§ YOUR ASSIGNMENT:
In the records below, find the line with "2 Kinder-Frottee-Thermoleggings, Teddybär" and the line with "74055365 alte Postkarte". Print both exactly, along with every line between them, and no other line.

§ DATA PROVIDED:

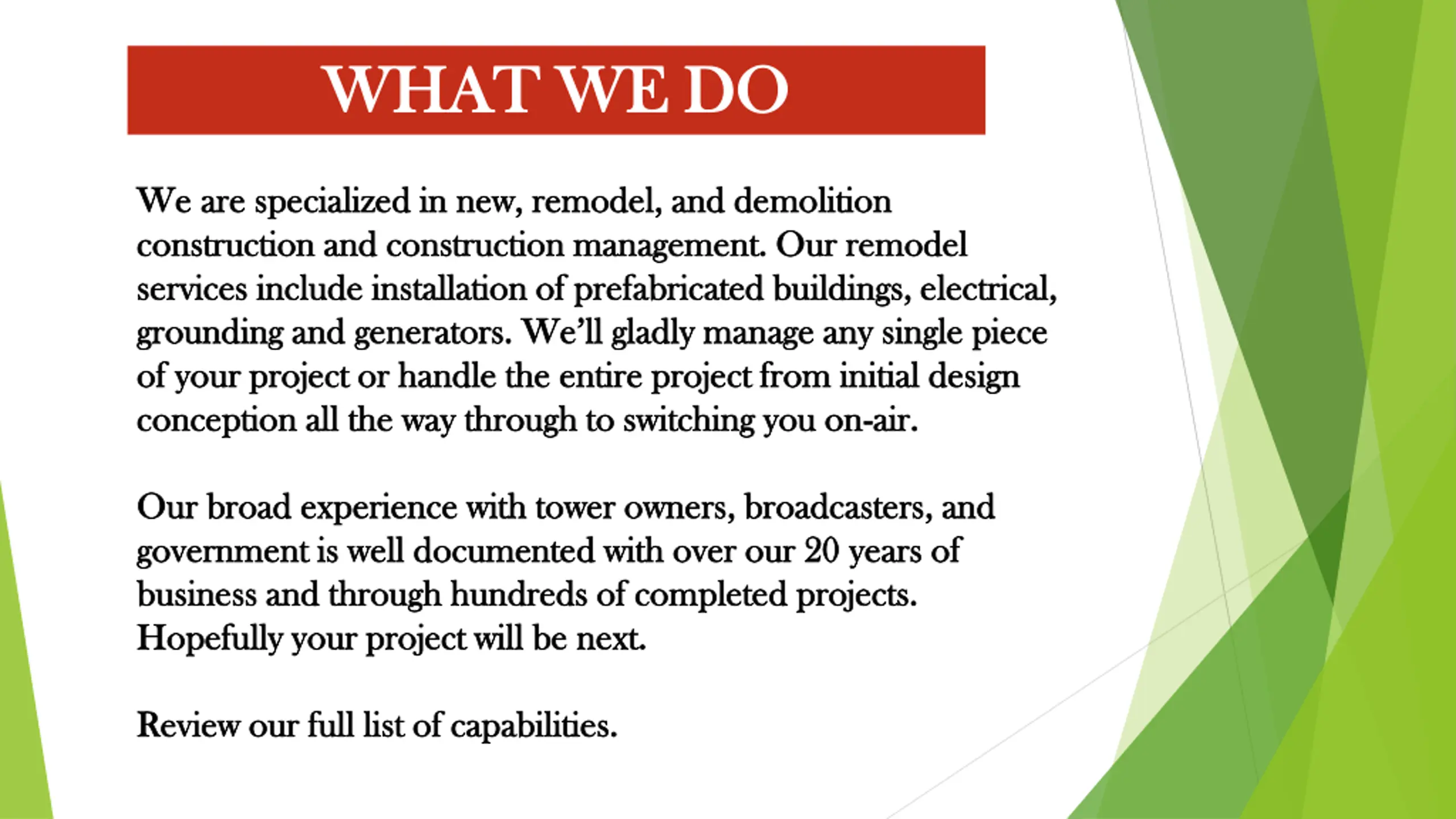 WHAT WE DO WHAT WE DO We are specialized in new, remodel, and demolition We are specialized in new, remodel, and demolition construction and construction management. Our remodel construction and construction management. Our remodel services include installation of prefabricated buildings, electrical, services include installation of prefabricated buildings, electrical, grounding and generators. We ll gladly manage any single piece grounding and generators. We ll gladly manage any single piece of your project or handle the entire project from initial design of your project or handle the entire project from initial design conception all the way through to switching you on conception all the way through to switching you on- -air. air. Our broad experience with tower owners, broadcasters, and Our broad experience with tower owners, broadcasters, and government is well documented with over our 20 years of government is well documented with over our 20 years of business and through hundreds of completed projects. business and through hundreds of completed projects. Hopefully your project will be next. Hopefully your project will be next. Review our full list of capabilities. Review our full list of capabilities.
--
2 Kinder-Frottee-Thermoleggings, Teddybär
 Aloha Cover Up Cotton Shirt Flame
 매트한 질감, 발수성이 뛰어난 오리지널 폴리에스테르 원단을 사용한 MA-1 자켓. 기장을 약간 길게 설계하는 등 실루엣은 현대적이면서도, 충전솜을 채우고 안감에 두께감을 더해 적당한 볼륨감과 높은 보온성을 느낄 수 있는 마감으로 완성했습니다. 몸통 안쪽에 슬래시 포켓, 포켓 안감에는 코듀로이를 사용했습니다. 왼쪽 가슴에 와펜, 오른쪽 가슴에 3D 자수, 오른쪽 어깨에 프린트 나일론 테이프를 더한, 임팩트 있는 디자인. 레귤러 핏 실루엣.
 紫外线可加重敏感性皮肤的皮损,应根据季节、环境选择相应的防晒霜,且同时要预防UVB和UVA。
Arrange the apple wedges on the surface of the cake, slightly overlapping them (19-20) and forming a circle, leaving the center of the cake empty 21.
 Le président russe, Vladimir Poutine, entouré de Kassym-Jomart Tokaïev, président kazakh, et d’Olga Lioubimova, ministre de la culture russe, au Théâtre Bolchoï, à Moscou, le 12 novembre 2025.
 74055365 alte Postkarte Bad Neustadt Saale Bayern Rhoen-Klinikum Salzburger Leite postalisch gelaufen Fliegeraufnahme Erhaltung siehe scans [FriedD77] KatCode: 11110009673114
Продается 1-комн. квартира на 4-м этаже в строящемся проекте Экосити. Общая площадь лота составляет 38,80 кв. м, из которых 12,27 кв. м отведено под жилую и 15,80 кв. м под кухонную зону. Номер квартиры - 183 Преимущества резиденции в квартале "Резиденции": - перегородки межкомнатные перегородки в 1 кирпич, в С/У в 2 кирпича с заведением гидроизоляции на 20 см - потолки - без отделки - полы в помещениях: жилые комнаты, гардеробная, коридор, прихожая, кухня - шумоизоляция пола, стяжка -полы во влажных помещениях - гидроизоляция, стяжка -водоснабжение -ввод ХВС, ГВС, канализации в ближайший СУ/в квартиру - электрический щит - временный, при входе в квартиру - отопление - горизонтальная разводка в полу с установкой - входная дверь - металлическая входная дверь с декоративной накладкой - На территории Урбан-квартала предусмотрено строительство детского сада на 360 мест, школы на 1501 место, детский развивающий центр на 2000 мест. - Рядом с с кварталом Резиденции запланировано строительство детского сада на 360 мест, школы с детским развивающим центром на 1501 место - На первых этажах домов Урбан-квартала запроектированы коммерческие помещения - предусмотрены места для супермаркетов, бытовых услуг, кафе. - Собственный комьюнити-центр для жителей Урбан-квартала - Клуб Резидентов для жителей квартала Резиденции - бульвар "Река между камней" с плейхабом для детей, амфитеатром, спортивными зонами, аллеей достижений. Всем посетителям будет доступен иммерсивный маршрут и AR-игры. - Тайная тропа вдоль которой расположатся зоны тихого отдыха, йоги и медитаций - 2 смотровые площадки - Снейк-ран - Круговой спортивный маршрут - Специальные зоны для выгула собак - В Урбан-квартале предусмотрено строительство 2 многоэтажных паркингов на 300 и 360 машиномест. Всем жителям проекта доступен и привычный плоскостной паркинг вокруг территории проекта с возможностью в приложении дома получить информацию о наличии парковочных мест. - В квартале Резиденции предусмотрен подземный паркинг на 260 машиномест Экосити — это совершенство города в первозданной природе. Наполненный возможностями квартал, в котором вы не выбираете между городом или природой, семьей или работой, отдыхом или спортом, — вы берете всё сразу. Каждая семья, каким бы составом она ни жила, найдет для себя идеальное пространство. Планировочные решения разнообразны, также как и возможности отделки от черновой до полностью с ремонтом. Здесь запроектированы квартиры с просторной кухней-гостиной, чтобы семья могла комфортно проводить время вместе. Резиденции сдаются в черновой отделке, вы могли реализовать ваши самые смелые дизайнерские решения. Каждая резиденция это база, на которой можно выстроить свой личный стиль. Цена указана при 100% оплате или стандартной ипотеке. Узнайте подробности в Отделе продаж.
---
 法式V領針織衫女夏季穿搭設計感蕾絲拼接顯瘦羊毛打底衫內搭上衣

§ PROBLEM SOLUTION:
2 Kinder-Frottee-Thermoleggings, Teddybär
 Aloha Cover Up Cotton Shirt Flame
 매트한 질감, 발수성이 뛰어난 오리지널 폴리에스테르 원단을 사용한 MA-1 자켓. 기장을 약간 길게 설계하는 등 실루엣은 현대적이면서도, 충전솜을 채우고 안감에 두께감을 더해 적당한 볼륨감과 높은 보온성을 느낄 수 있는 마감으로 완성했습니다. 몸통 안쪽에 슬래시 포켓, 포켓 안감에는 코듀로이를 사용했습니다. 왼쪽 가슴에 와펜, 오른쪽 가슴에 3D 자수, 오른쪽 어깨에 프린트 나일론 테이프를 더한, 임팩트 있는 디자인. 레귤러 핏 실루엣.
 紫外线可加重敏感性皮肤的皮损,应根据季节、环境选择相应的防晒霜,且同时要预防UVB和UVA。
Arrange the apple wedges on the surface of the cake, slightly overlapping them (19-20) and forming a circle, leaving the center of the cake empty 21.
 Le président russe, Vladimir Poutine, entouré de Kassym-Jomart Tokaïev, président kazakh, et d’Olga Lioubimova, ministre de la culture russe, au Théâtre Bolchoï, à Moscou, le 12 novembre 2025.
 74055365 alte Postkarte Bad Neustadt Saale Bayern Rhoen-Klinikum Salzburger Leite postalisch gelaufen Fliegeraufnahme Erhaltung siehe scans [FriedD77] KatCode: 11110009673114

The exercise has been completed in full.